This may seem tautologous, but I do not believe it is: it is just very sophisticated and complex. Which is why the image of a transparent cube made up of vector points works so well as an exemplar.
Each point within the cube represents an intersection of the levels of this method, each of which can be viewed from any one of the planes of being, knowing, engaging. If one then imagines that each of the parallel planes to each of those three is categorical analysis, not as an end-point but as a level of abstraction that permeates through each of those three planes we begin to see how over-lapping and interpenetrating are the influences upon the vectors or moments of those intersections.
To quote Paul James,
all we are doing is providing a method for sensitizing research and political argument. ... By moving back and forth across the levels of analytical abstraction and attempting to understand the ontological changes of our time, it is intended that Globalism, Nationalism, Tribalism will illustrate its argument about the emergence of a globalizing and postmodernizing political community as it overlays other continuing forms of community-polity.
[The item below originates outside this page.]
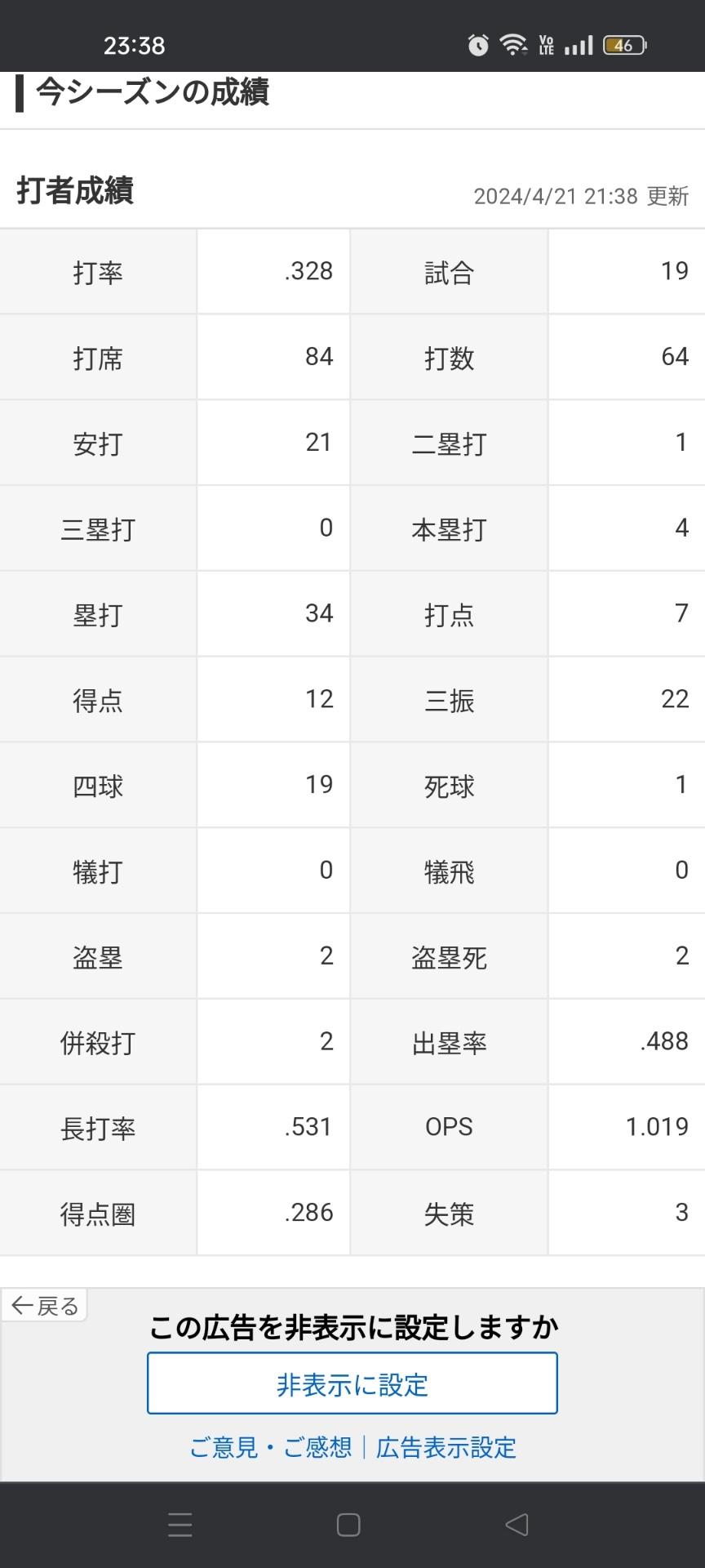 アカンスヨ村上「打率.328(64-21)4本7打点 OPS1.019」←こいつについての率直な感想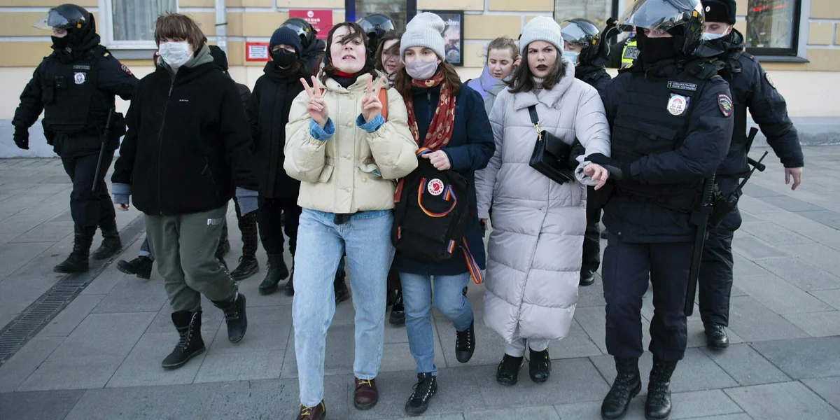 Dennoch versammeln sich jeden Abend Tausende Menschen in Moskau, Sankt Petersburg, Jekaterinburg und anderen Städten quer durchs Land, um gegen den Krieg zu demonstrieren. Jeden Abend nehmen Spezialkräfte der russischen Polizei Hunderte von ihnen fest. Allein am Sonntag waren es laut der Bürgerrechtsorganisation OWD-Info mehr als 2.000. Die russische Generalstaatsanwaltschaft drohte mit Verfahren wegen Staatsverrats, sollten russische Bürger „ausländischen Staaten mit jeglicher beratender Tätigkeit helfen, die gegen die Sicherheit Russlands gerichtet ist“. Darauf stehen 20 Jahre Freiheitsentzug. Selbst Menschen, die eine ukrainische Flagge in ihr Fenster hängen, werden von der Polizei abgeholt.

In terms of the present condition of the world, the most general argument made by the book is that polity and community are increasingly held together at the level of disembodied extension and structured by the emergence of increasingly globalized and abstracted modes of practice. §
Kate Cregan
§ All these passages are excerpted from Paul James, Globalism, Nationalism, Tribalism: Bringing Theory Back In, London, Sage Publications, 2006.